We proceed relative to Bohr sets rather than subspace. The problem with Bohr sets is that they do not function exactly as subspaces and, in particular, they do not have a nice additive closure property. A good model to think of is the unit cube $Q$ in $\mathbb{R}^d$ . The sumset $Q+Q$ is not roughly equal to $Q$ ; it is about $2^d$ times as large as $Q$ . However, if we take some small dilate $Q'$ of $Q$ , say the cube of side length $\delta$ then we do have that $Q+Q' \approx Q$ since $\mu_G(Q+Q') = \mu_G(Q)(1+O(d\delta))$ . This provide a sort of approximate additive closure, and the fact that it can be usefully extended to Bohr sets and used for Roth’s theorem was usefully notice by Bourgain in his paper `On triples in arithmetic progression‘.

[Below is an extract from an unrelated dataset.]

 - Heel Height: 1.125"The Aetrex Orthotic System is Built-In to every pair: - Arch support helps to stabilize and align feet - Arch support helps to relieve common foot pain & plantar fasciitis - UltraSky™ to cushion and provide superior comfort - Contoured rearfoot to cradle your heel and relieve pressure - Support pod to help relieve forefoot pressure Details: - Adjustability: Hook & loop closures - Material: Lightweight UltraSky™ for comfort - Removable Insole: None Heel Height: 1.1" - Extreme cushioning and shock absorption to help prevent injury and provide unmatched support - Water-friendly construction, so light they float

In our situation, if $B$ is a Bohr set of dimension $d$ , and $A \subset B$ has relative density $\alpha$ then we shall try to remove all characters $\gamma$ such that $|(1_A - \alpha1_B)^\wedge(\gamma)| =\Omega(C\alpha/\log N)$ . Given such a character we produce a new Bohr set $B'$ defined to be the intersection of $B$ (dilated by a factor of $\alpha^{O(1)}$ ) and the $\alpha^{O(1)}$ -approximate level set of $\gamma$ (meaning the set of $x$ such that $|\gamma(x)-1| \leq \alpha^{O(1)}$ ) with

$\rm{width}(B') \geq \alpha^{O(1)}\rm{width}(B) \textrm{ and } \rm{dim} B' \leq \rm{dim} B + 1$

and $A$ has density $\alpha(1+\Omega(C\log N))$ on a translate of $B'$ . After running this for at most $O(C^{-1}\log N)$ iterations we end up with a Bohr set $B$ such that

$\rm{width}(B) \geq \alpha^{O(C^{-1}\log N)} \textrm{ and } \rm{dim} B = O(C^{-1}\log N)$ .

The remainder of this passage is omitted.